Even after all these years…

So the internet has been around for quite a little while now, but I am still constantly plagued by people who can’t follow netiquette. I belong to more than a couple of newsgroups, and people seem to consistently forget or ignore these particular rules:

Follow the damn instructions! I’m on a few art job lists, and just the other day a job offer came in to everyone on the list. The post described the job and then finished with “please contact me, if you are interested and can provide a sample in this style.” So a guy posts this in the next message – to the entire list of 26 people:

HI J
Im interested in this job
can i participate?
have i another chance????

Lesson number one in how to embarrass yourself in e-public. It’s a thing of beauty that J replied back to the list exactly this, and nothing more:

“please contact me, if you are interested and can provide a sample in this style.”

ALL CAPS IS ANNOYING! I’m on a list for gigs in BC, and one promoter posts there regularly. Her posts, many of which are quite long, are entirely in allcaps. And then she adds at the bottom “I USE CAPITALS..IM NOT YELLING..I LIKE IT”
Well you may like it, but you’re probably the only one and you’re on a public forum where I assume you are not actively trying to dissuade people from reading your promos. To me, that’s what the effect is.

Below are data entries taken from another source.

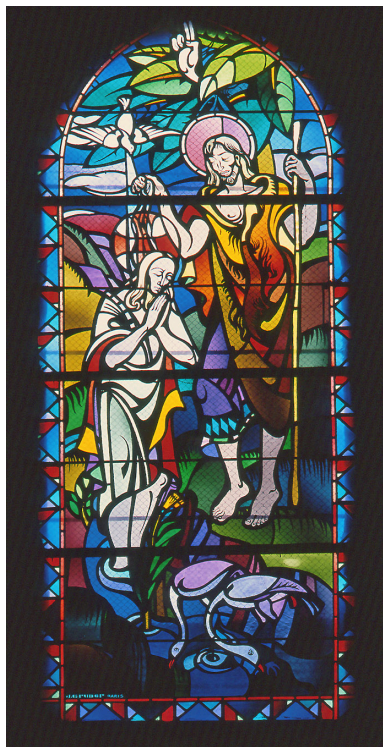
Baie 2 : le Baptême du Christ par Saint-Jean-Baptiste.
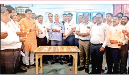
कैडल जलाकर श्रद्धांजलि देते वकील।
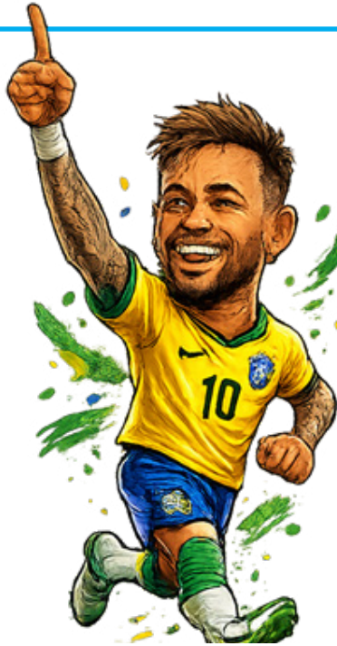
Neymar 79 gols
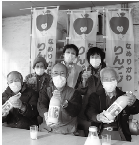
滑川市りんご組合のみなさん

応に苦労したが、美味しいりんごが収穫でき昨年よりもたくさんジュースを加工できて安堵している。近年の気候変動に対応し、適期作業を徹底して、今後も美味しいりんごの生産に努める。」と話しました。 ジュースは、JAアルプス滑川営農経済センター(配送班)のほか、滑川市内の一部スーパーや各生産者の自宅の直売所などで購入できます。
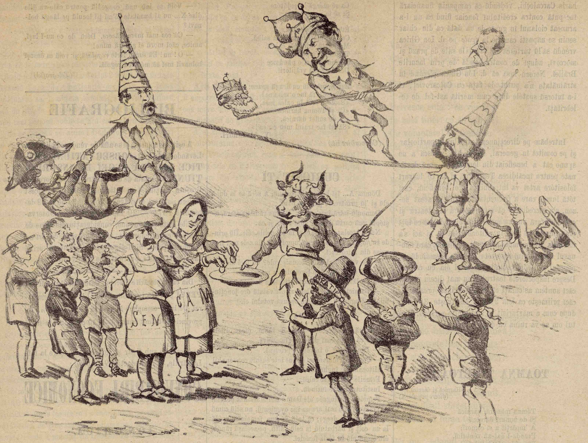
Echilibrul politic al marilor noștri pehlivanî.
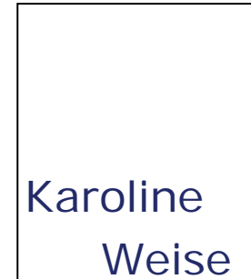
Karoline Weise (ZBW Kiel)
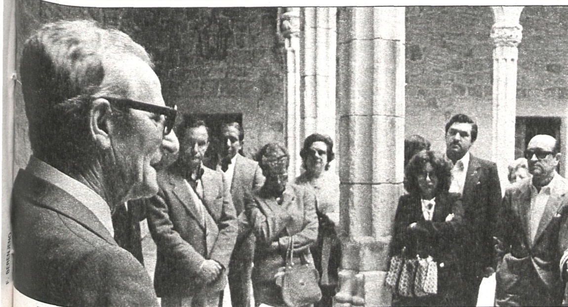
El vicepresidente Sócrates Gómez durante la recepción ofrecida en el castillo de Manzanares a los alcaldes iberoamericanos
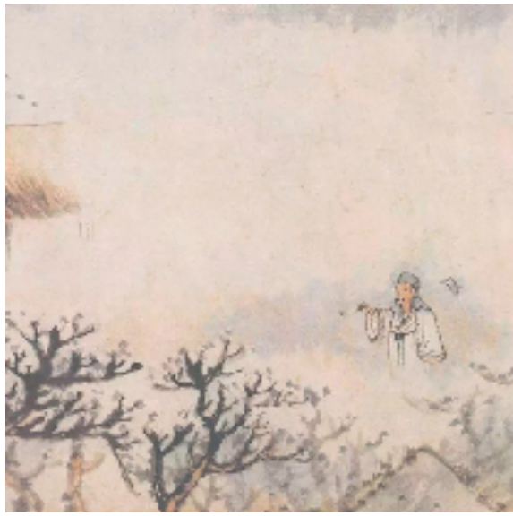
陶潜诗意图（之六局部）

When replying to a post/email – don’t quote unnecessary text. I get some of my group messages in digest format, and it’s incredibly annoying to have to scroll through literally pages of old quoted junk to get to the new stuff. Check out this one message below. Note that the actual meat of the post is 6 lines out of about 55, and that this one post is out of about a dozen I got in the digest.

[edited out]

Gamey stuff

I’ve been drawing and painting (in watercolour) for the past 2 weeks for the new edition of the Warhammer Fantasy RPG. I only played WHFRP once or twice when I was a young man in Chilliwack, but I am certainly amazed how different the world of Warhammer is from the world(s) of D&D. Warhammer is a lot more gritty and detailed, and is based on Europe in the dark ages. One of the artist’s guidelines I got read “roll it in shit, dip it in muck.” That’s pretty cool and having pulled out my old edition of the game that Jamie gave me a couple years back and I never really opened, it makes me want to try it out. Maybe someone will run it at a game day or convention in the near future.

Speaking of conventions, The Thickets just got asked to play V-Con, but the H.P. Lovecraft Film Festival is (as usual) the same weekend (Oct 7-9). So I’m trying to sort that out.

This week I also got my contributor copies for some really awesome D&D books – the Black Company Campaign Setting based on the series of novels by Glen Cook, the Advanced Bestiary which is a book full of templates that you can apply to other monsters to make new, weird, scary monsters that your players will never have experienced before, and Egyptian Adventures: Hamunaptra which is a pretty cool setting boxed set that is getting some good reviews. Actually all of those books got good reviews and I will probably use bits from each of them in current or upcoming campaigns.

Speaking of upcoming campaigns, I had the second session of character generation for my “Venger” animated D&D campaign. Let me tell you about the characters, may I?

Marlo’s character doesn’t have a name yet (come on, Mar-Mar!) but she is a Chinese-Canadian hippie with a younger brother. She’s got a pet ferret she takes with her everywhere and in the realm of Dungeons and Dragons she becomes a druid with a magic staff.

Graeme’s character, Jesse, is an all-around popular jock whose deadly desire is to be the most popular – a hero to be loved and worshipped by all. He’s also phobic of bees and is allergic to their venom. In the realm he’s a rogue with magic bolas.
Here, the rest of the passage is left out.